#### WORK ORDER
Would you print only the lines running from the one with "A writ of possession" to the final line of the data below, word for word and without pictures?

#### DATA BELOW
--- --- ---
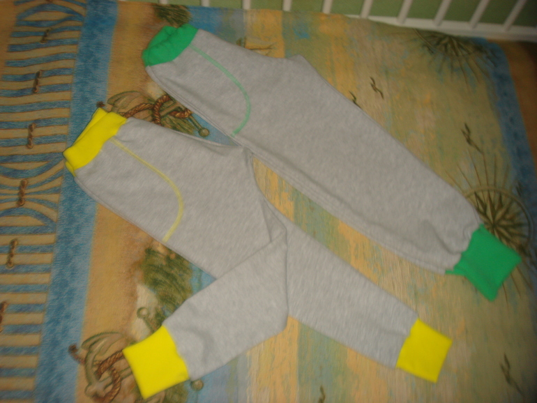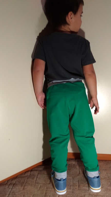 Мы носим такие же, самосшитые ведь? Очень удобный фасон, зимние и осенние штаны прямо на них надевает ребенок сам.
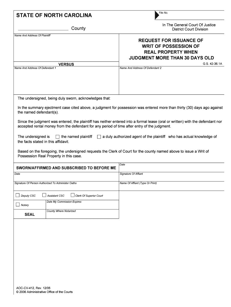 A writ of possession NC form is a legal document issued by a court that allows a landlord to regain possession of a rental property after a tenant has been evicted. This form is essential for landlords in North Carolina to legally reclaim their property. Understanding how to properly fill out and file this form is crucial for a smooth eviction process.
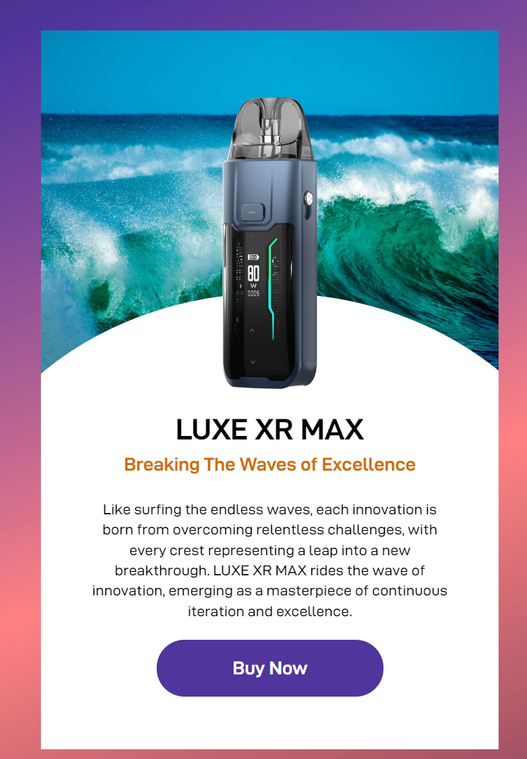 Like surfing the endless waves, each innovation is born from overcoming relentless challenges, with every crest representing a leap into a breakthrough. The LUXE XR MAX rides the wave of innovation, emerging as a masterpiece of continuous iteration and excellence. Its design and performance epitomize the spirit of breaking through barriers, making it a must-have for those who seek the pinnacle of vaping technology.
--- --- ---
#### WORKED SOLUTION
 A writ of possession NC form is a legal document issued by a court that allows a landlord to regain possession of a rental property after a tenant has been evicted. This form is essential for landlords in North Carolina to legally reclaim their property. Understanding how to properly fill out and file this form is crucial for a smooth eviction process.
 Like surfing the endless waves, each innovation is born from overcoming relentless challenges, with every crest representing a leap into a breakthrough. The LUXE XR MAX rides the wave of innovation, emerging as a masterpiece of continuous iteration and excellence. Its design and performance epitomize the spirit of breaking through barriers, making it a must-have for those who seek the pinnacle of vaping technology.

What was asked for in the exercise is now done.